◆ **Data to use**
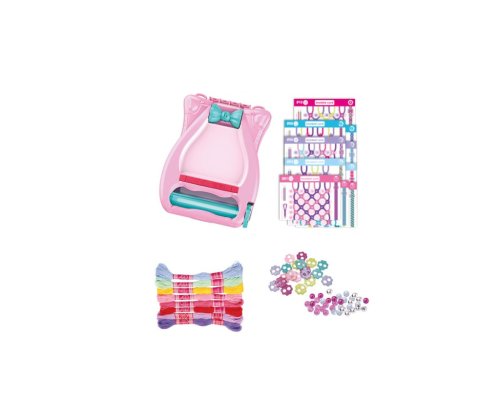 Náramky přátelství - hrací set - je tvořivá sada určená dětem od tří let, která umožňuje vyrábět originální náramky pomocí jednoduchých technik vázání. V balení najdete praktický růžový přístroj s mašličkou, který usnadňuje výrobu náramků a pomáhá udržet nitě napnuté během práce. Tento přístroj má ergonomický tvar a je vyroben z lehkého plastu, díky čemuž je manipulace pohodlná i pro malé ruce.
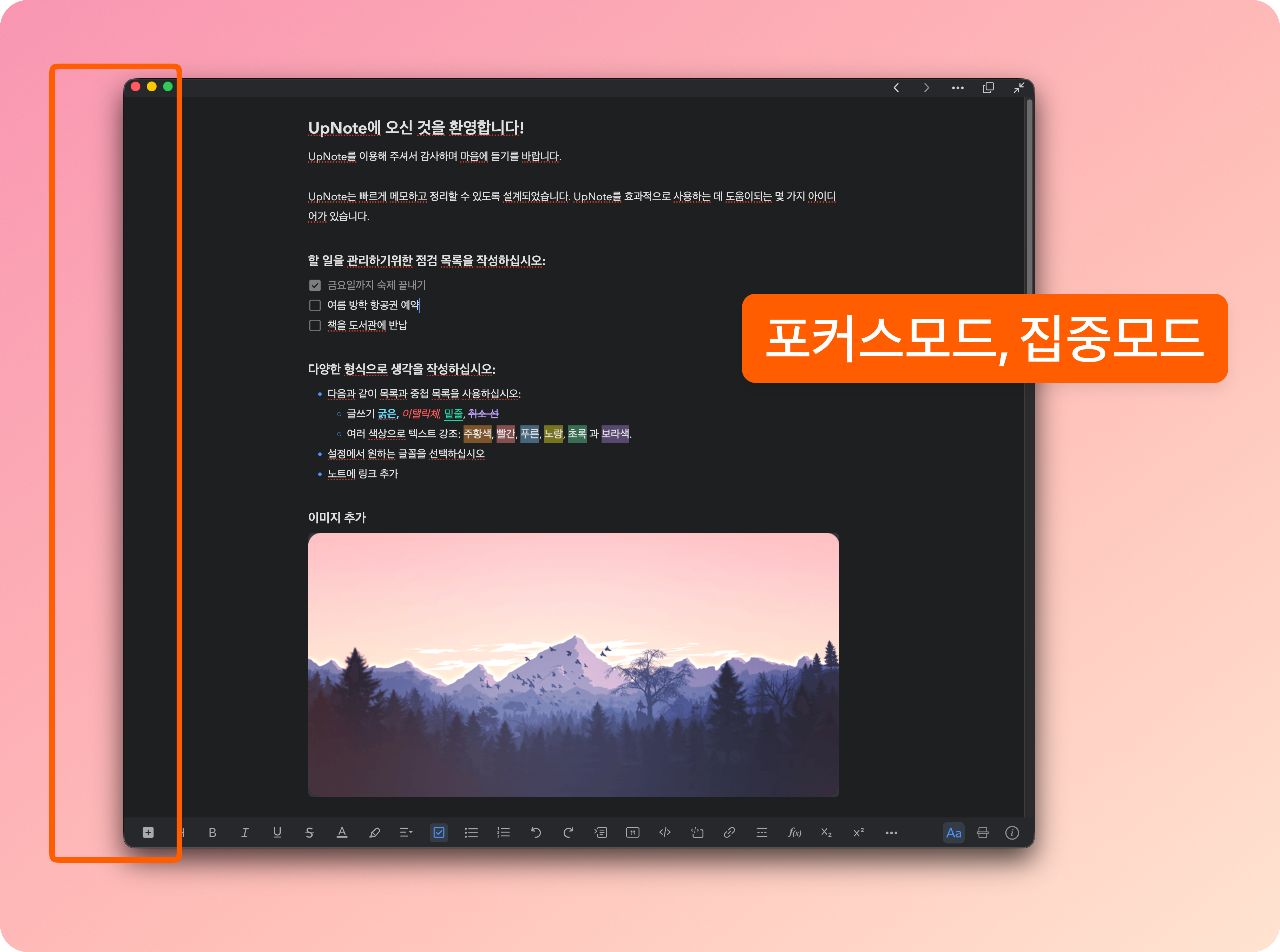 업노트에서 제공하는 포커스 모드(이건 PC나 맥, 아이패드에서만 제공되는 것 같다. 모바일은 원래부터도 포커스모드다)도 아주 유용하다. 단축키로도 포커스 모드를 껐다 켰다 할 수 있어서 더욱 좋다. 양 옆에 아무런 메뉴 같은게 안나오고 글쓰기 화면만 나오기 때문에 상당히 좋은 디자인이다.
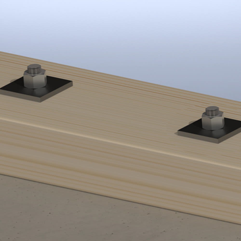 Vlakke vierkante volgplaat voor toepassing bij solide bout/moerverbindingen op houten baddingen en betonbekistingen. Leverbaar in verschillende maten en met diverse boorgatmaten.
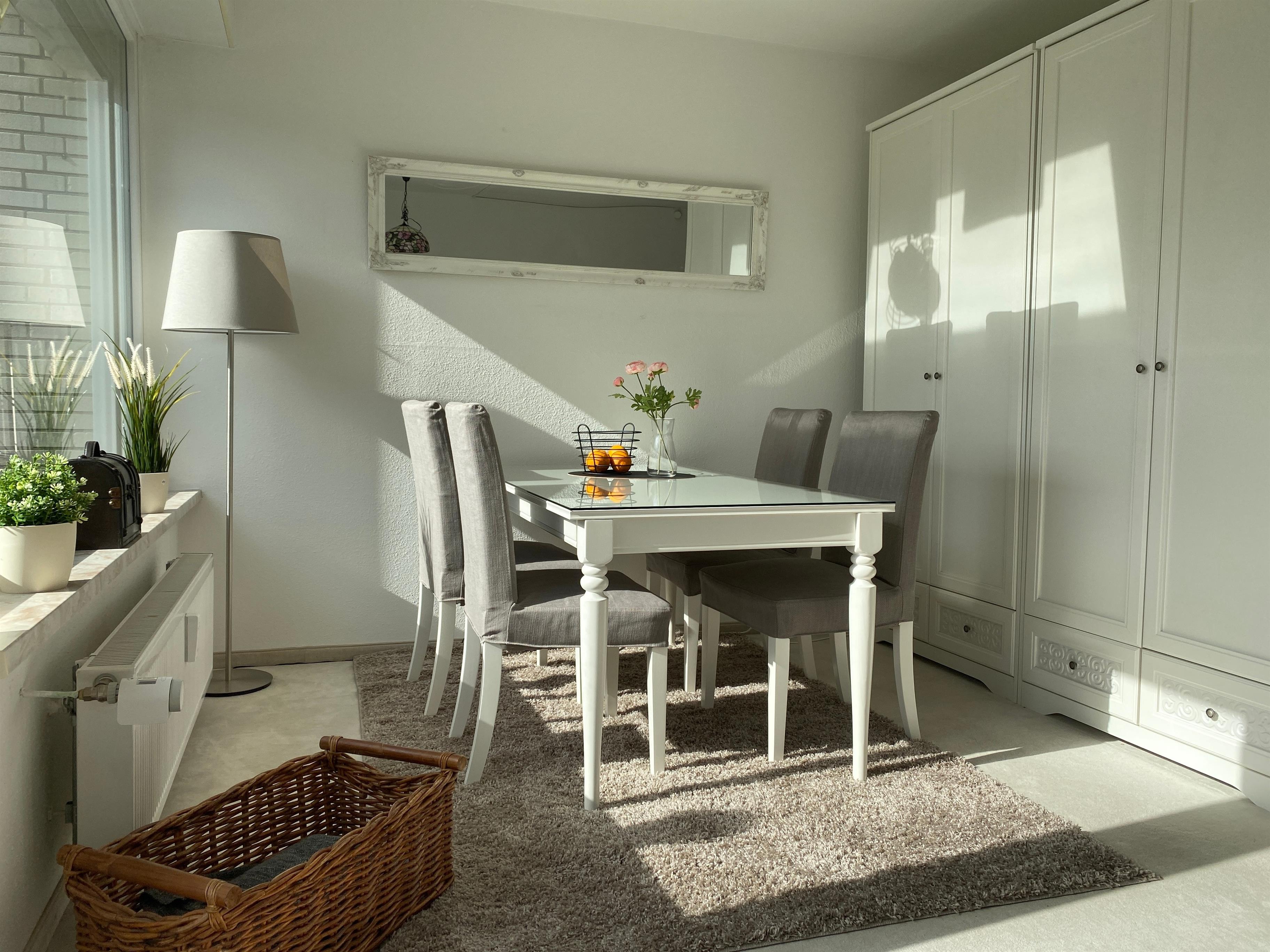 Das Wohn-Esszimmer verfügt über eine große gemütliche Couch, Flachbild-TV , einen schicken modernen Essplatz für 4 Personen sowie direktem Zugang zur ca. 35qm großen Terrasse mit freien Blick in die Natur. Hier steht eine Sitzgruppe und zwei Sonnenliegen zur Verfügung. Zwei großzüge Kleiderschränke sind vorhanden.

==

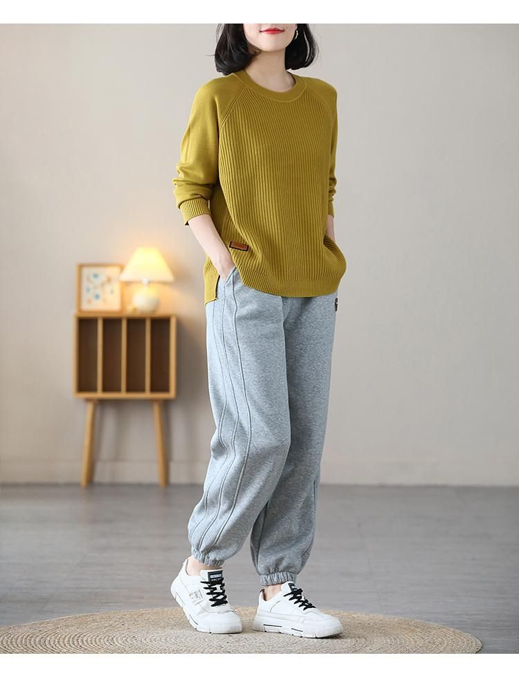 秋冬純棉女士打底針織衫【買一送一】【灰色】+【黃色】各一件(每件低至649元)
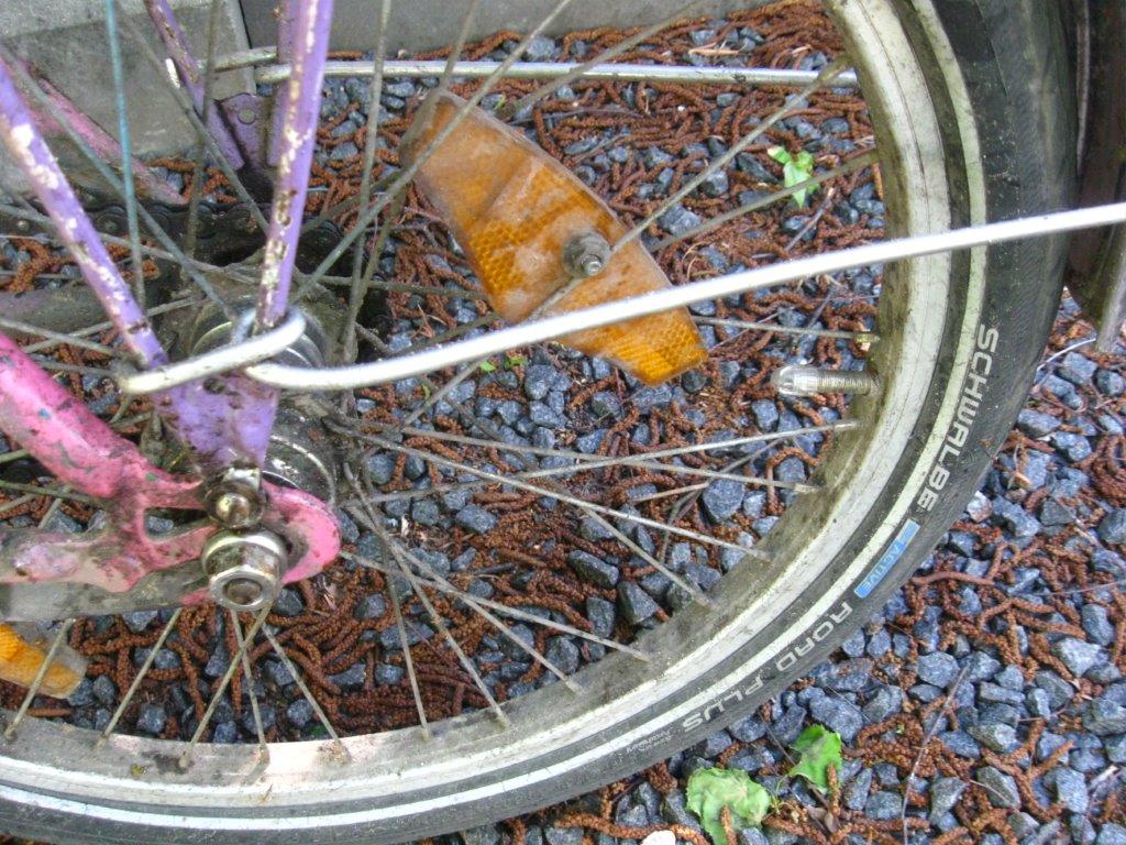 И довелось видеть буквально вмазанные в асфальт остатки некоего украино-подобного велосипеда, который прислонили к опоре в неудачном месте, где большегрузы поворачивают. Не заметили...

◆ **Task objective**
In the data above, find the line containing "Vlakke vierkante volgplaat" and the line containing "Das Wohn-Esszimmer verfügt". Copy exactly the stretch from the first through the second, both included, leaving out any picture.

◆ **Output for this task**
 Vlakke vierkante volgplaat voor toepassing bij solide bout/moerverbindingen op houten baddingen en betonbekistingen. Leverbaar in verschillende maten en met diverse boorgatmaten.
 Das Wohn-Esszimmer verfügt über eine große gemütliche Couch, Flachbild-TV , einen schicken modernen Essplatz für 4 Personen sowie direktem Zugang zur ca. 35qm großen Terrasse mit freien Blick in die Natur. Hier steht eine Sitzgruppe und zwei Sonnenliegen zur Verfügung. Zwei großzüge Kleiderschränke sind vorhanden.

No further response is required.